BEGIN

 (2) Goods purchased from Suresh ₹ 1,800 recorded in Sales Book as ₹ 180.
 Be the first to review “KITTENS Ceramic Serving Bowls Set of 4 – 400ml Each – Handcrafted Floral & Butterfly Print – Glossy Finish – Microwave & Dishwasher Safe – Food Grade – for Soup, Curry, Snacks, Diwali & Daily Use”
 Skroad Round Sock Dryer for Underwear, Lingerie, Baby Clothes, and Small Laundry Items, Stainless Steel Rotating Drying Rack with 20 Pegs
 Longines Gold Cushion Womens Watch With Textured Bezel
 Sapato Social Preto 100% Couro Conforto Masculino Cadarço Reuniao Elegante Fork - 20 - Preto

END
BEGIN

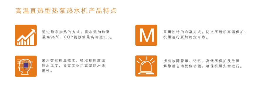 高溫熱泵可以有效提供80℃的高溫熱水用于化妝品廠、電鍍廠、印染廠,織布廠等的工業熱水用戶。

END

* _Task description_
From the records above, give again exactly the lines running from the line with "(2) Goods purchased" to the line with "Sapato Social Preto", inclusive.

* _Response area_
 (2) Goods purchased from Suresh ₹ 1,800 recorded in Sales Book as ₹ 180.
 Be the first to review “KITTENS Ceramic Serving Bowls Set of 4 – 400ml Each – Handcrafted Floral & Butterfly Print – Glossy Finish – Microwave & Dishwasher Safe – Food Grade – for Soup, Curry, Snacks, Diwali & Daily Use”
 Skroad Round Sock Dryer for Underwear, Lingerie, Baby Clothes, and Small Laundry Items, Stainless Steel Rotating Drying Rack with 20 Pegs
 Longines Gold Cushion Womens Watch With Textured Bezel
 Sapato Social Preto 100% Couro Conforto Masculino Cadarço Reuniao Elegante Fork - 20 - Preto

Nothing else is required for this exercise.